Kur'an-ı Kerim ve Türkçe Meali Sayfa 460
11. De ki: 'Ben dini yalnız O'na halis kılarak Allah'a ibadet etmekle emrolundum.
12. Ve ben Müslümanların ilki olmakla emrolundum.'
13. De ki: 'Şüphesiz ben, eğer Rabbime karşı gelirsem büyük bir günün azabından korkarım.'
14. De ki: 'Ben dinimi yalnız O'na halis kılarak Allah'a ibadet ediyorum.
15. Artık O'ndan başka dilediğinize ibadet edin.' De ki: 'Gerçekte ziyana uğrayanlar, kıyamet günü kendilerini de ailelerini de ziyana sokanlardır. İyi bilin ki, bu apaçık bir kayıptır.'
16. Onların üstlerinde ateşten tabakalar vardır, altlarında da tabakalar vardır. İşte Allah kullarını bununla korkutuyor. Ey kullarım! Benden sakının.
17. Tağut'tan, ona ibadet etmekten sakınıp Allah'a yönelenlere gelince, onlar için müjde vardır. Şu halde kullarımı müjdele!

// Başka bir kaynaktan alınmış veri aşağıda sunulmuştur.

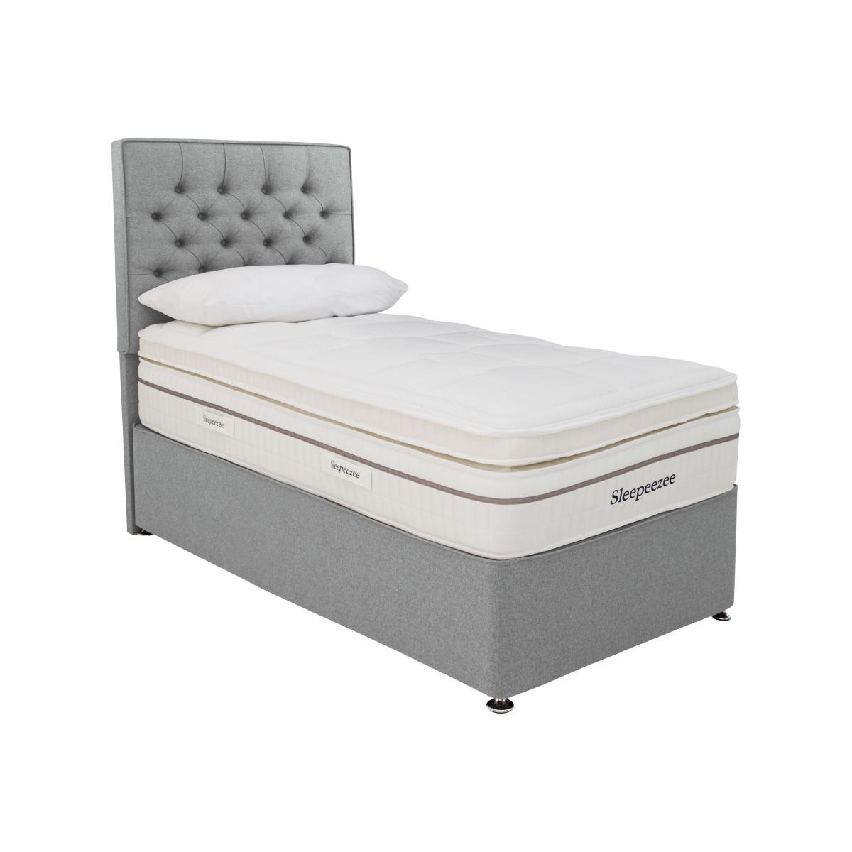 Luxurious mattress comfort meets traditional well-crafted divan style in the Sleepeezee Harmony 3500 collection. The superb medium-feel hypoallergenic mattress, complete with sumptuous pillow top, features three layers of memory foam and three tiers of individually-responsive pocket springs, a combination that’s precisely engineered for the optimum in comfort and support. Divan bases are beautifully upholstered in a choice of plush-feel, tweed and woven fabrics and come with optional storage drawers or an ottoman base. Handcrafted in the UK by Sleepeezee exclusively for Furniture Village. Superior pillow top, memory foam and pocket spring mattress. Beautifully upholstered divan base with optional storage. Handcrafted in the UK for Furniture Village. Superb layered mattress comfort, classic divan base style, optional storage drawers – there’s so much to love about the Sleepeezee Harmony 3500 divan set. Featuring a fabulous and innovatively-designed mattress with three tiers of individually-pocketed springs – a full 3500 in king size – and three layers of body-confirming memory foam, this deep 35 cm hypoallergenic mattress is topped with a soft and sumptuous pillow top. The overall comfort feel is medium, and you’ll appreciate the precisely-engineered combination of cushioning comfort and responsive support. It rests on a classic platform top-style divan base that’s beautifully upholstered. Choose from a huge range of fabric colours that include subtle neutrals as well as sophisticated modern hues, and then add optional drawer or ottoman storage. Handcrafted in the UK exclusively for Furniture Village, the Sleepeezee Harmony 3500 divan set is part of the Sleepeezee Harmony 3500 collection which also includes a standalone mattress. Sleepeezee holds a Royal Warrant of Appointment granted by HRH The Prince of Wales. Product images are representative. Find out more. Did you know?. The mattress should be aired for four hours after delivery to freshen and remove any aroma from storage. It may take time for your mattress to attain its full size once the springs have settled to the correct position. This is due to the mattress being upright during transit. Settlement of fillings and indentations caused by body weight compressing the fillings are natural and not considered defects. This can be minimised by regular rotating.

18. Onlar ki, sözü dinler ve en güzeline uyarlar. İşte onlar Allah'ın kendilerini hidayete erdirdikleridir ve onlar akıl sahipleridir.

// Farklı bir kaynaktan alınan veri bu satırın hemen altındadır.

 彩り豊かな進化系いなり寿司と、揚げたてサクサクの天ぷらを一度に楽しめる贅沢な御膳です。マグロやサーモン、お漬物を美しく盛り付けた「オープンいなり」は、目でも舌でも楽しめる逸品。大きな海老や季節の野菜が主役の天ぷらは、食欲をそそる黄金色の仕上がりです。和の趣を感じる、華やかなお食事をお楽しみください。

19. Hakkında (azab) söz(ü) hak olmuş olanı; ateşte olanı sen mi kurtaracaksın?
20. Buna karşılık yollarını Allah ve kitabı vasıtasıyla bulanlar, öteki dünyada üst üste bina edilmiş, altlarından ırmaklar akan yüksek köşklere sahip olacaklardır. Bu Allah'ın verdiği sözdür, Allah sözünden caymaz.
21. Allah'ın gökten su indirdiğini, onu yerden kaynaklara geçirdiğini, sonra onunla değişik renklerde ekinler çıkardığını görmedin mi? Sonra kurur ve sen onu sararmış halde görürsün. Sonra onu bir çöp haline getirir. Şüphesiz bunda akıl sahipleri için bir öğüt vardır.